■ INSTRUCTIONS FOR THE TASK: Write each line of the material exactly as given, from the top through the line that contains "Cole Haan womens", and omit all pictures.

======== GIVEN INFORMATION ========

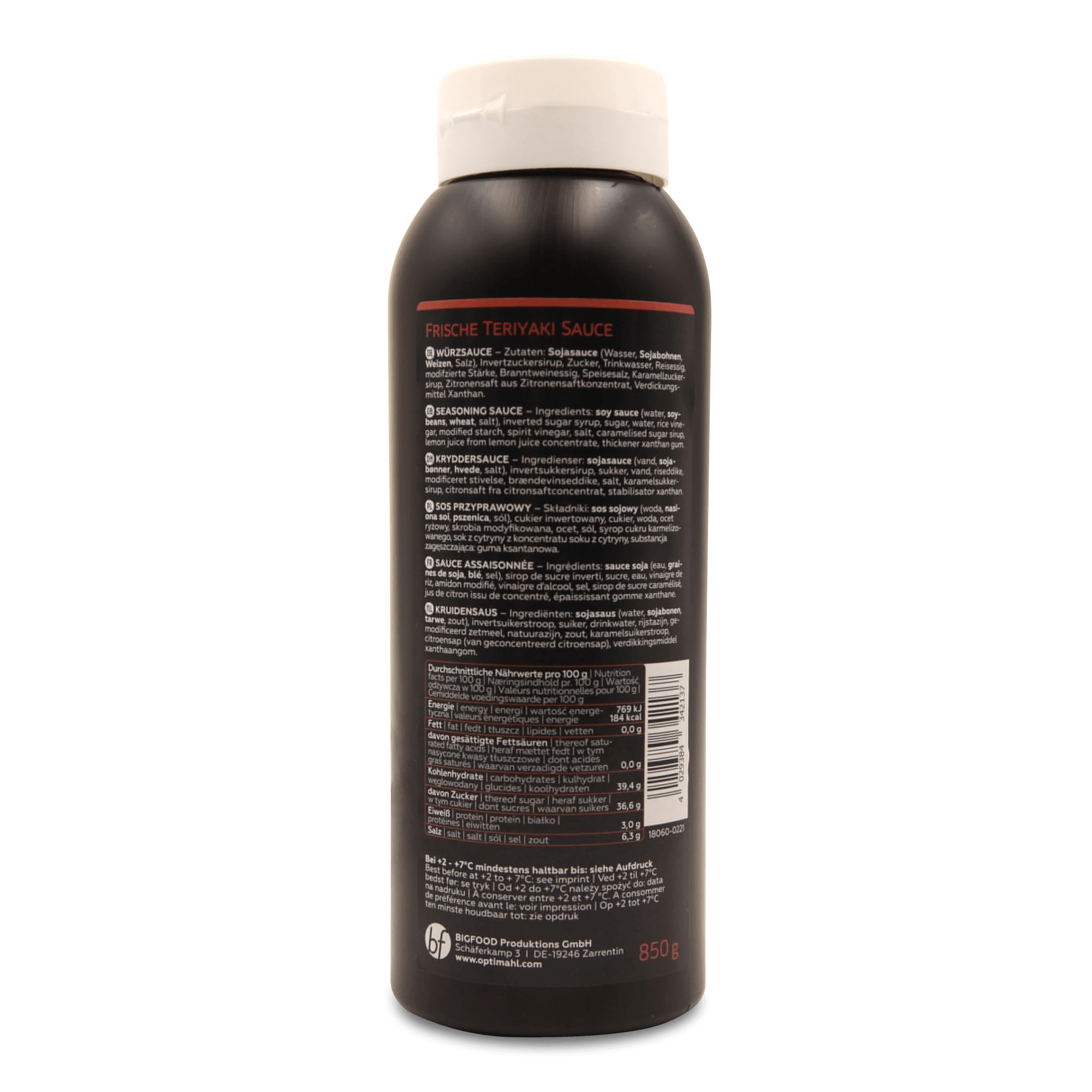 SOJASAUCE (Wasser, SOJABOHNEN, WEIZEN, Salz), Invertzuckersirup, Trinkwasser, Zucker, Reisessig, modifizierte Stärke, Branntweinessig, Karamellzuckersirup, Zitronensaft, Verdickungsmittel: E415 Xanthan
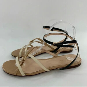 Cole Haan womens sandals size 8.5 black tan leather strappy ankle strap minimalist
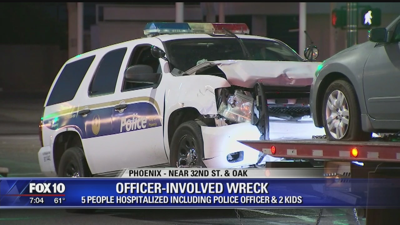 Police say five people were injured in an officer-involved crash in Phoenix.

========

■ SOLUTION FOR THIS TASK:
 SOJASAUCE (Wasser, SOJABOHNEN, WEIZEN, Salz), Invertzuckersirup, Trinkwasser, Zucker, Reisessig, modifizierte Stärke, Branntweinessig, Karamellzuckersirup, Zitronensaft, Verdickungsmittel: E415 Xanthan
 Cole Haan womens sandals size 8.5 black tan leather strappy ankle strap minimalist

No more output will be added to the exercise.